Neal A. Lester, Foundation Professor of English and founding director of Project Humanities at Arizona State University, has been awarded a $25,000 Teacher-Scholar Vital Worship Grant from the Calvin Institute of Christian Worship.
The one-year award will support Lester’s research exploring Black American spirituality as a living system of worship, fortitude and communal care.
This grant is a collaboration with co-principal investigators Isis Pickens of Pickens Solutions LLC; Randy Nelson, an independent scholar; and Mount Trial Primitive Baptist Church of Wakulla County, Florida.
Lester’s project, “REVIVAL: In Celebration of a Black American Spiritual Metaverse,” documents and interprets diverse traditions, practices, testimonies, music, artifacts and worship acts that shape Black American spiritual communities. Through oral histories, ethnographic fieldwork, participatory storytelling and digital archiving, “REVIVAL” examines how Black American spiritual worship practices nurture resilience, joy, justice and community care within and beyond the church.

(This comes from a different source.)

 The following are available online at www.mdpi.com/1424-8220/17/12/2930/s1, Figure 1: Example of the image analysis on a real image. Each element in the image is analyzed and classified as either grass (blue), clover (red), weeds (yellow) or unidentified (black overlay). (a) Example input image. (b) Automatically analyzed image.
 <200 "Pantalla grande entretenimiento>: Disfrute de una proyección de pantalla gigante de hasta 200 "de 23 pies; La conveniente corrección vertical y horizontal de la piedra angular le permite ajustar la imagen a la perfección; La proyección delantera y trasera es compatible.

“Research opportunities always contribute to my teaching,” said Lester. “As I discover more, my students both inside and outside of the academy also benefit. As an educator committed to continual scholarship, I see my teaching and research as fundamentally interconnected. This research opportunity will inform my pedagogy about spirituality that moves across genres and formats. Sermons, gospel songs, prayers and testimonials, church performances and rhetorical flourishes are foundational to many literary texts I teach, such as Zora Neale Hurston’s ‘Their Eyes Were Watching God’ and Toni Morrison’s ‘The Bluest Eye.’”

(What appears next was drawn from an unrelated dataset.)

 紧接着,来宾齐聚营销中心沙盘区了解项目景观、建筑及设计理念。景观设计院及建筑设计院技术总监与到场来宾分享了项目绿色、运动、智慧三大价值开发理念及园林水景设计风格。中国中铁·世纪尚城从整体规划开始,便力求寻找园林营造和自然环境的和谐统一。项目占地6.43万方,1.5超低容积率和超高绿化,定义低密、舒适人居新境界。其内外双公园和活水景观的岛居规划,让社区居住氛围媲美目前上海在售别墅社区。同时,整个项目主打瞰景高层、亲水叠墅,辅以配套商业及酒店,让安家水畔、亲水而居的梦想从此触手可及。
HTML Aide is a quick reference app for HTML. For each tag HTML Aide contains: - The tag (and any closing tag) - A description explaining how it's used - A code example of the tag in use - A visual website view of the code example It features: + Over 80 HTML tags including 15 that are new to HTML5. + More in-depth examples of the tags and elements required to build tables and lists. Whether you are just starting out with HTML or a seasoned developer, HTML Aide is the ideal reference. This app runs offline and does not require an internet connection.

The project research is an institutional collaboration with Mount Trial Primitive Baptist Church, a historically Black congregation in Florida founded by formerly enslaved Africans and Black Indigenous peoples. The church grounds, cemetery and surrounding Buckhorn community provide a meaningful setting for examining how faith traditions adapt, endure and transform in private and public worship contexts.
Over the grant period, Lester and his research team will:
- Collect oral histories, worship artifacts, sermons and soundscapes.

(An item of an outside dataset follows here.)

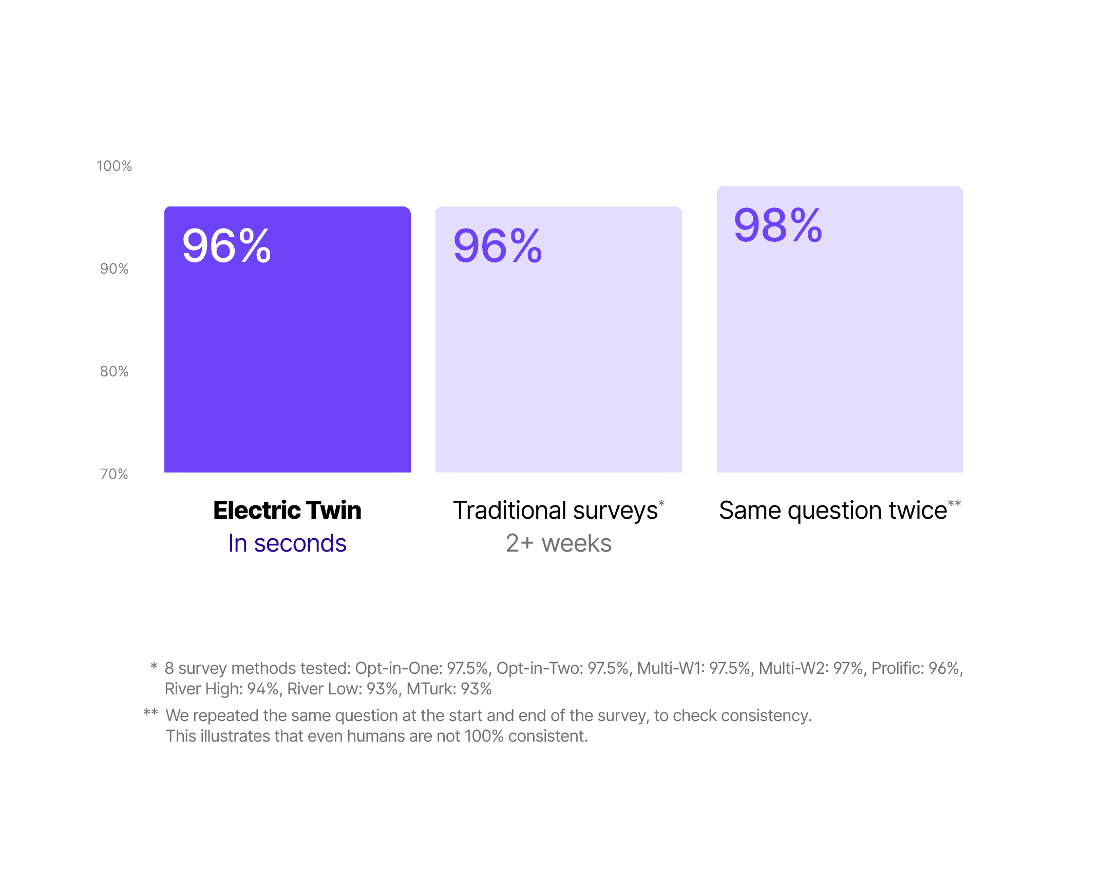 We've tested against millions of responses in real world data. We already achieve the same accuracy as traditional research.

- Engage intergenerational church members in story circles and listening sessions.
- Build a participatory digital archive.
- Develop frameworks for teaching spirituality across theology, humanities and cultural studies.
- Share findings through community presentations, academic lectures and public-facing resources.
The project advances Lester’s broader scholarly work at the intersections of literature, culture, spirituality, pedagogy and justice, and contributes new models for community-engaged theological research and understanding.
Following completion of the grant, the investigators will share their findings through conference presentations, publications, collaborative reports with partner churches and institutions. A public digital platform will be designed to preserve and expand access to the collected materials. This program is made possible through a Vital Worship, Vital Preaching Grant from the Calvin Institute of Christian Worship in Grand Rapids, Michigan, with funds provided by Lilly Endowment Inc.